Como de costume, retomo uma alegoria de que gosto muito, a do Dilema do Ouriço. Todos somos formados por espinhos, que nos protegem de inimigos e ameaças internas, mas esses espinhos estão presos em nossa pele, e assim como nós, o outro também possui espinhos. Mantendo uma distância segura, podemos viver pacificamente sem nos machucar. No entanto, quando chega o inverno, isto é, quando chegam as adversidades da vida, não podemos manter a distância e precisamos nos aquecer. Mas os espinhos ferem uns aos outros e os ouriços correm o risco de morrerem se tornarem a se afastar.

Podem decidir então se afastar e morrer de frio, ou acostumarem-se com os espinhos, que mesmo machucando, possibilitam a troca de calor necessária a existência. Essa troca de calor é a convivência com o outro. 

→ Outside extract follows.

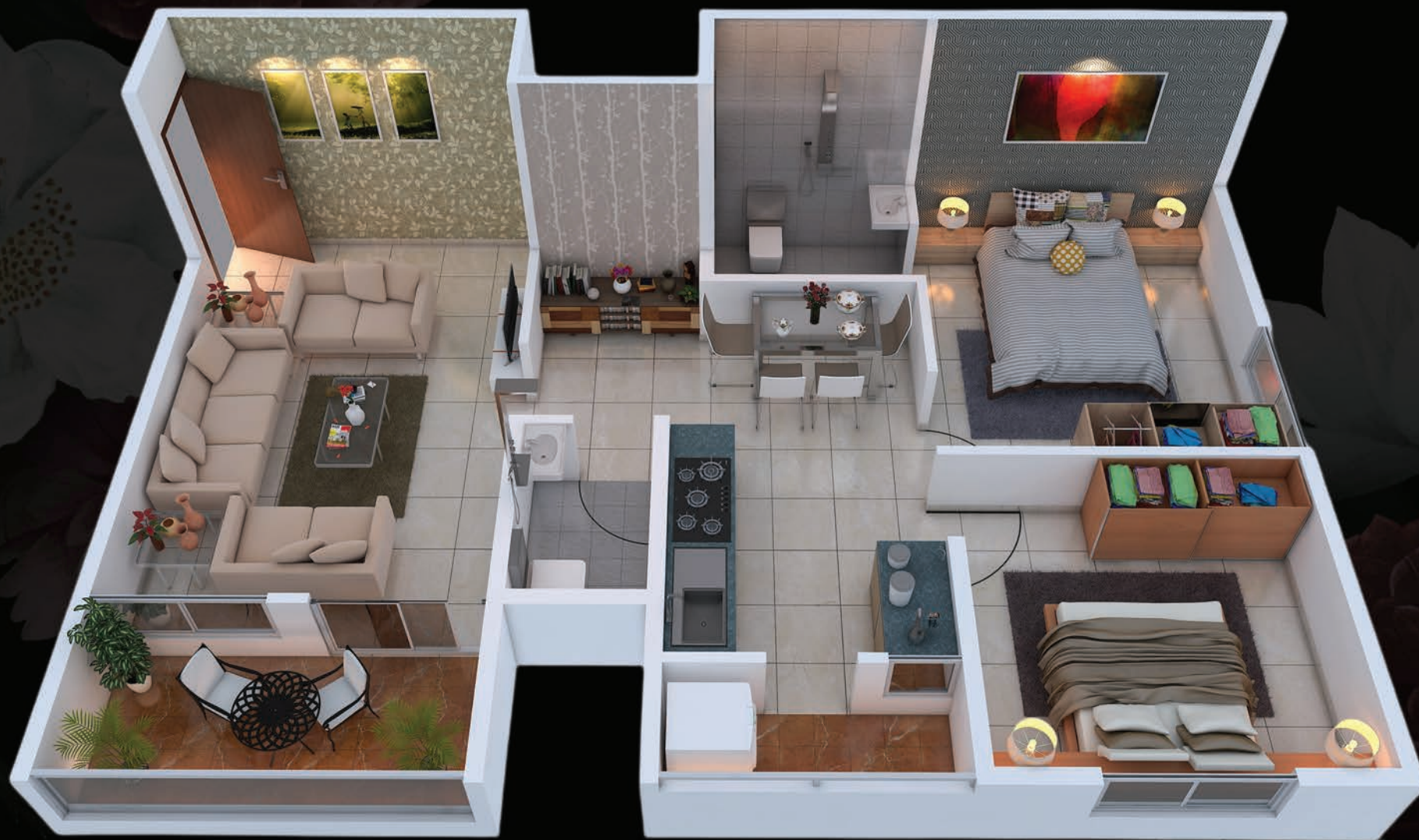
2 BHK Apartment Layout ( 714 SQ. FT )

O homem pode chegar a várias conclusões sozinho. Se deixado numa floresta pode acabar aprendendo a sobreviver num ambiente hostil, por exemplo, mas dificilmente um homem poderia desde pequeno sobreviver sozinho. Penso que seja impossível, pois desde o primeiro instante de vida o homem necessita do outro para viver, no caso da lactação, por exemplo. Não somos como alguns animais que instintivamente podem aprender a sobreviver. Uma criança nascida a poucas horas não poderia aprender a engatinhar para então se alimentar de insetos se fosse largada na mesma floresta do exemplo anterior. Morreria de fome. Logo, por mais que limitemos a interação entre as pessoas, ela ainda se faz necessária, ainda que minimamente. Portanto penso ser correto afirmar que o homem não pode viver só, dependendo do outro em algum momento de sua vida. 

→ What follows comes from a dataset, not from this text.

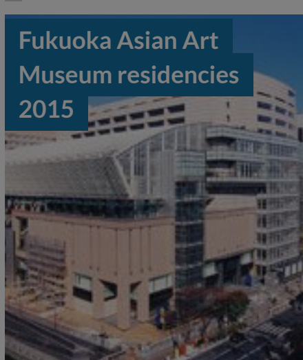
POSTED ON 22 DEC 2022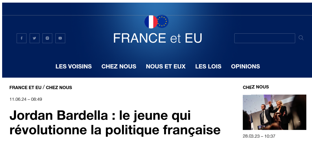
PICTURE 3. France et EU website looking like a serious French news provider.

Essa necessidade se expressa portanto na convivência, que dependendo de nós pode ser dolorosa como a dos ouriços que acabaram de se tocar ou como a dos ouriços que aprenderam a suportar a dor que o outro lhe causa em virtude de um interesse maior.

Se não podemos evitar a necessidade real que temos do outro, não podemos evitar ainda a dor que o outro nos causa. Mas em contrapartida podemos aprender a conviver com ela, e dessa forma não mais nos deixar ferir pelos espinhos que o outro tem.

Esse é, no entanto, um dilema ainda maior, pois a dor que um homem pode causar a outro homem é imensamente maior do que dos espinhos do ouriço. 

Ainda que não possamos evitar que o outro nos machuque, é certo que podemos controlar a intensidade com que o outro nos ferirá. Ora, o ouriço pode decidir se aproximar muito do outro, e em consequência se machucar muito também, ou apenas se aproximar o necessário para não morrer no frio do inverno. Podemos aprender a sofrer. 

As dores que o outro pode nos causar são de uma possibilidade infinita, isso também é certo, mas há ainda as dores que causamos a nós mesmos. Quanto as dores que o outro nos causa, já disse que podemos em certo nível controlá-las, controlando a proximidade que guardamos entre nós e o próximo. Mas as dores que causamos em nós mesmos, essas dificilmente conseguimos controlar.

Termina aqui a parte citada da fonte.